Por Beatriz Drague Ramos, compartilhado de BdF




Bombardi: “o campesinato brasileiro é um campesinato que nasce sem terra. É um campesinado excluído. É uma sociedade que se constrói na exclusão” – Terra de Direitos

A população brasileira é tida como sub-humana frente à União Europeia (UE). A constatação é da pesquisadora Larissa Bombardi, que estuda os impactos e o funcionamento do comércio mundial de agrotóxicos. “Quando eu olho o fato de que no Brasil o resíduo de glifosato autorizado na água potável é cinco mil vezes maior do que aquele autorizado na União Europeia. Quando eu vejo que o resíduo de malationa no Brasil é 400 vezes maior do que o autorizado na União Europeia, sou obrigada a pensar que, no conjunto das relações internacionais, a população brasileira, latino-americana e africana é tida como sub-humana. Nós valemos menos.”

Dos dez agrotóxicos mais vendidos no Brasil, cinco são proibidos na UE. Isso significa que são autorizados em território nacional agrotóxicos cancerígenos, que provocam má formação fetal, alterações hormonais, infertilidade e mal de Parkinson, por exemplo.

Por trás disso, empresas como as alemãs Bayer e Basf, as estadunidenses Corteva e FMC, a estatal chinesa Syngenta e a indiana Upl venderam, em 2020, juntas, US$ 43 bilhões dessas substâncias. Mais de 80% desse mercado é controlado pela Bayer, Corteva e Syngenta. 

Novo colonialismo

A autorização de venda de agrotóxicos proibidos na UE para nações do sul global, como o Brasil, coloca o país numa nova espécie de colonialismo, que se une, segundo Bombardi, à concentração de terras, à violência contra povos originários e às nossas origens escravocratas.

“A gente tem uma oligarquia que controla politicamente o país, que representa esse monopólio das terras no Brasil, que se afina com os interesses externos. O campesinato brasileiro é um campesinato que nasce sem terra. É um campesinado excluído. É uma sociedade que se constrói na exclusão.”

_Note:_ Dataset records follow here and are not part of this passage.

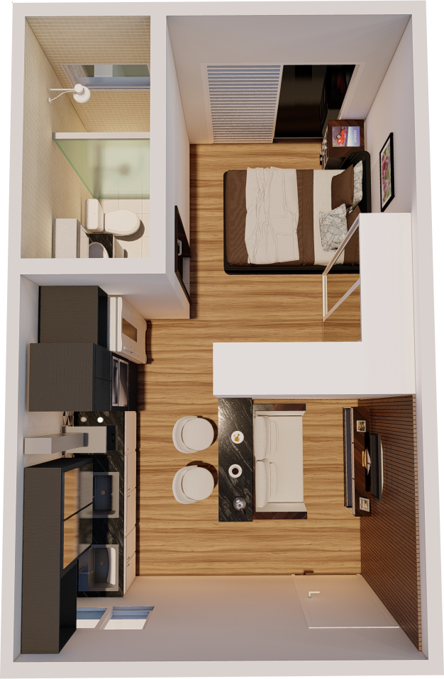 Descrição: Edifício residencial de kitnets com 2 pavimentos, com estacionamento amplo, 7 unidades dotadas de banheiro individual, quarto, cozinha e sala de estar.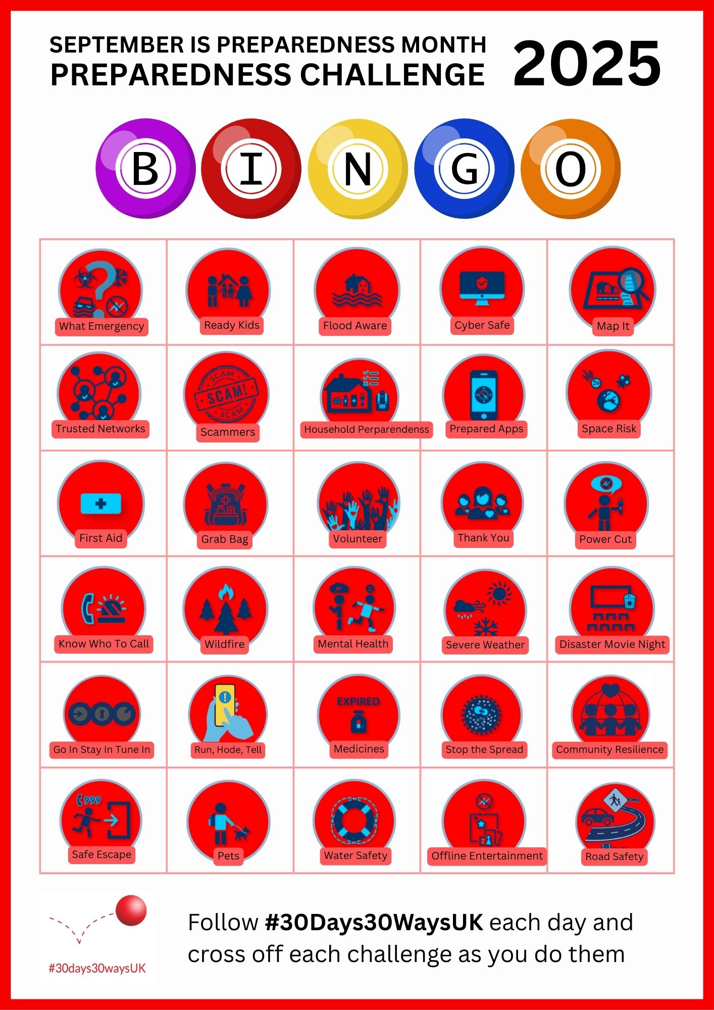 DOWLOAD the bingo PDF or JPG, available from August. Each daily #30days30waysUK topic has a corresponding icon to cross off. That way it is easy and fun to keep track of your personal preparedness progress. All 30 days completed? BINGO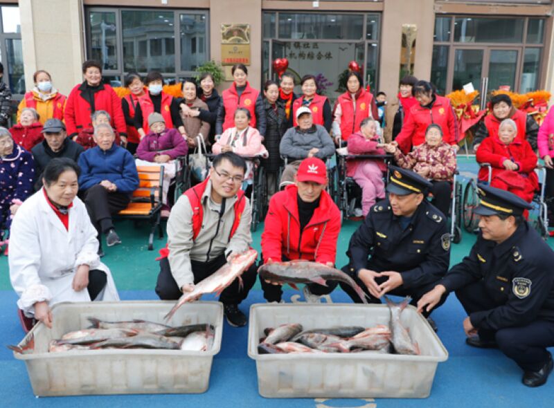 (記者 張雪峰 攝影報道)近日,大通區九龍崗鎮社區嵌入式養老服務機構綜合體的廣場上暖意融融;茨鲜袧O政執法大隊送來了200多斤新鮮漁獲物,為這里的老人們帶來了冬日的關懷與歡樂。正值義工聯志愿者在此開展愛心活動,現場歡聲笑語,老人們在志愿者的噓寒問暖中,感受到了物質與精神的雙重慰藉。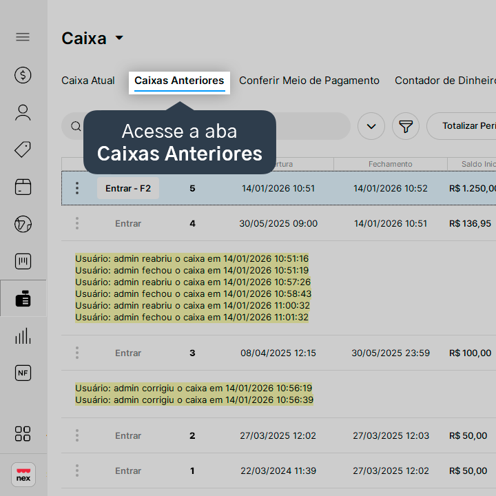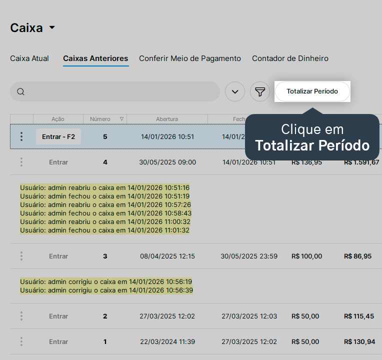 Pronto! Agora você pode verificar o relatório de informações dos caixas anteriores, totalizado com base no período escolhido.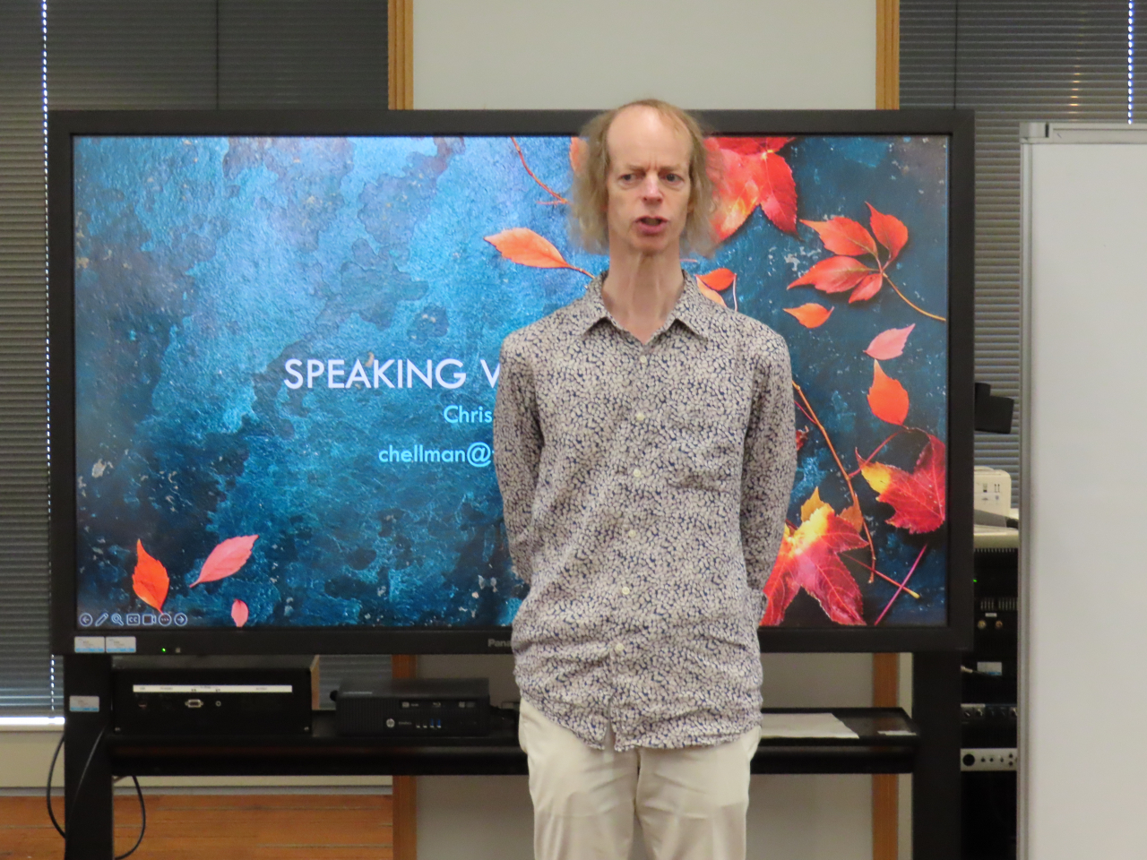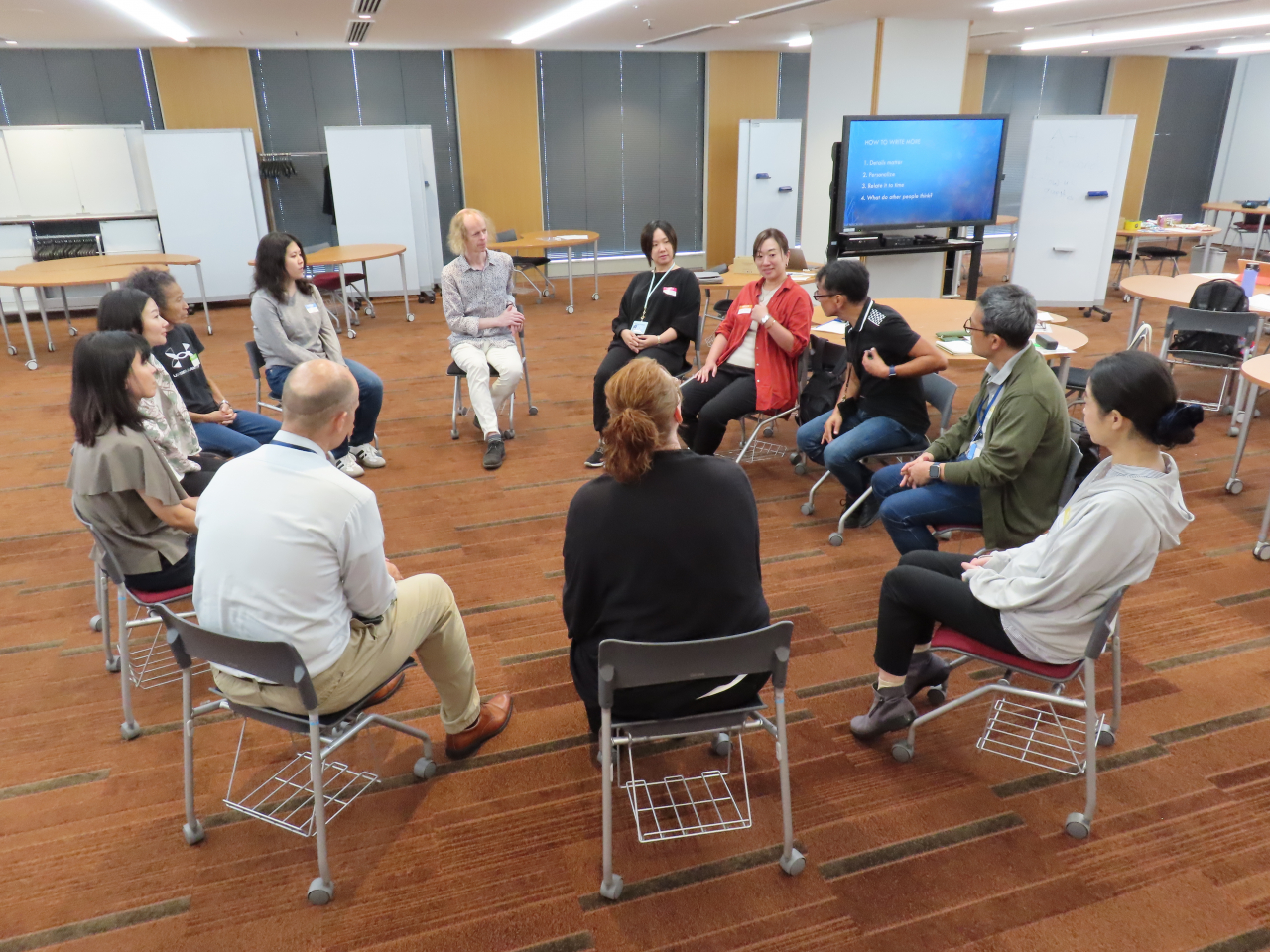 本研修は、今年度実施される英語スキルアップ研修の第2回目で、立命館大学 言語教育推進機構 講師のChristopher Hellman先生を講師にお迎えし、国際学会などの学術的な場面で求められる基礎的な口頭コミュニケーション能力の向上を主な目的として実施しました。

A análise está posta em Agrotóxicos e Colonialismo Químico, livro lançado em outubro do ano passado e divulgado pela própria autora no Brasil somente neste mês, quando ela finalmente volta – ainda que de passagem – ao país. Bombardi está há três anos exilada na Europa por conta de ataques sofridos após a divulgação do Atlas Geografia do Uso de Agrotóxicos no Brasil e Conexões com a União Europeia, publicado em 2017. 

Dentre as ameaças sofridas por ela estiveram um pedido para “fechar a boca, porque está falando demais” em um programa de rádio e um convite para passear em um avião de pulverização de agrotóxicos. “Em um determinado momento, os movimentos sociais disseram: ‘Você não pode continuar usando as mesmas rotas, os mesmos horários, tem que evitar rotina'”, o que é humanamente impossível para uma mãe solo de dois filhos. 

Desigualdade de gênero

Para além das intimidações à sua integridade fisíca, Larissa sofreu o que ela chama de “terrorismo psicológico” quando tentaram desqualificar sua produção científica dizendo que seus dados não eram corretos. “Aquilo que a gente mais zela é pelo cuidado, pelo rigor científico.” 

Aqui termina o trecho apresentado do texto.